Member of the Malacca State Legislative Assembly for Duyong
- In office 5 May 2013 – 9 May 2018
- Preceded by: Gan Tian Loo (BN–MCA)
- Succeeded by: Damian Yeo Shen Li (PH–DAP)
- Majority: 205 (2013)

Member of the Malacca State Legislative Assembly for Kesidang (formerly Tengkera)
- In office 8 March 2008 – 5 May 2013
- Preceded by: Koh Nai Kwong (BN–MCA)
- Succeeded by: Chin Choong Seong (PR–DAP)
- Majority: 1,399 (2008)

Member of the Malacca State Legislative Assembly for Bandar Hilir
- In office 21 March 2004 – 8 March 2008
- Preceded by: Sim Tong Him (BA–DAP)
- Succeeded by: Tey Kok Kiew (PR–DAP)
- Majority: 356 (2004)

Member of the Malacca State Legislative Assembly for Tengkera (formerly Tranquerah)
- In office 25 April 1995 – 21 March 2004
- Preceded by: Sim Tong Him (GR–DAP)
- Succeeded by: (change to Kesidang) Koh Nai Kwong (BN–MCA)
- Majority: 1,189 (1995)

State Chairman of Democratic Action Party of the Malacca
- In office 19 December 2005 – 14 December 2015
- Preceded by: Sim Tong Him
- Succeeded by: Tey Kok Kiew

Personal details
- Born: 15 November 1967 (age 58) Malacca, Malaysia
- Party: Independent (2017–present) Democratic Action Party (DAP) (1994–2017)
- Other political affiliations: Pakatan Harapan (PH) (2015-2017) Pakatan Rakyat (PR) (2008-2015) Barisan Alternatif (BA) (1999-2004) Gagasan Rakyat (GR) (1994-1996)
- Children: 3
- Alma mater: University of Science Malaysia
- Occupation: Politician

= Goh Leong San =

Malaysian politician

Goh Leong San (吴良山 (吳良山, Wú Liángshān, Gô͘ Liông-san); born 15 November 1967) is a Malaysian politician.
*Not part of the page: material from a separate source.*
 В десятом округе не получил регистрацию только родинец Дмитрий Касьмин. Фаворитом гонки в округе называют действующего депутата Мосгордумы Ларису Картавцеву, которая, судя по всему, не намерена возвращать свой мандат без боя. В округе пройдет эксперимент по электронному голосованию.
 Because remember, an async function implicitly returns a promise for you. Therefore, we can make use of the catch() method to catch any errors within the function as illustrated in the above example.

Goh is a former Malacca State Legislative Assemblyman (MLA) for several Malacca state constituencies; Tengkera (1995-2004), Bandar Hilir (2004-2008), Kesidang (2008-2013) and Duyong (2013-2018).

Presently Goh is an independent politician after his resignation from Democratic Action Party (DAP) in 2017. He was previously the state chairman for Malacca and also Central Executive Committee member for DAP.
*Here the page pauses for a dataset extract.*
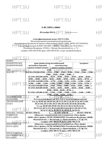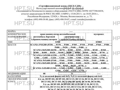 | Оборудование ТС | климат-контроль или кондиционер (хладагент R134a или R404а); - устройства освещения рабочей зоны; - проблесковый маячок оранжевого цвета (для Е500 в модификации 11); - дополнительная балка аутригеров (входят в комплект краноманипуляторной установки) * Обозначения по спецификации SCANIA. |
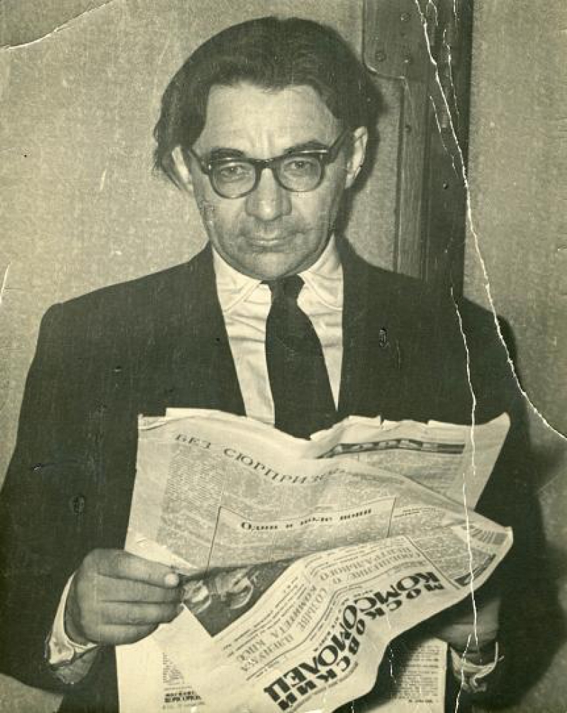 In the photograph Levitin is reading the Moscow Komsomol daily newspaper.

==Early life and education==
Goh was born on 15 November 1967 in Malacca. His name, Leong San, literally means "Hero of Mount Liang" in Chinese, a name that also was used in the famous Chinese classical novel Water Margin.

He completed his tertiary education at Universiti Sains Malaysia (USM) obtaining the Bachelor of Science and Master of Science in Chemistry. He then became a chemist and household products manufacturer.

==Political career==
Goh had joined the DAP in 1994. He contested the constituency of Tengkera twice and won in 1995 and 1999 to become its assemblyman from 1995 to 2004 before switching to contest the seat Bandar Hilir, Malacca in 2004 election.

Goh ascended to the DAP Malacca State Chief in 2005, succeeding his mentor Sim Tong Him. Goh had secured 85 votes in the hotly contested party internal election, which also saw DAP secretary-general Lim Guan Eng and his wife Betty Chew unexpectedly got the lowest number of votes out of 15 candidates, thus causing Chew to lose her seat on the Malacca DAP committee entirely. Chew was "saddened by the results", but said she accepted her defeat. However, Teresa Kok, a DAP Member of Parliament (MP), suggested there was a conspiracy behind the defeat of Lim and Chew in their re-election campaigns. Both Goh and Sim DAP membership was suspended for one-year suspension on 16 February 2016, reportedly for disparaging the party. Goh was initially alleged to turn Independent assemblyman but somehow refuted by DAP which maintained he was still a member under suspension of the party later.

In the 2008 election, Goh at age 40 continued to run for state assemblyman seat and had won again against incumbent Koh Nai Kwong of MCA-BN in the electoral constituency of Kesidang with margin of 1,399 votes

In the 2013 election, he faced off against Gan Tian Loo from MCA-BN for the Duyong, Malacca state seat and won again, though by a much smaller margin of just 205 votes. He however later resigned as state opposition leader in October 2013.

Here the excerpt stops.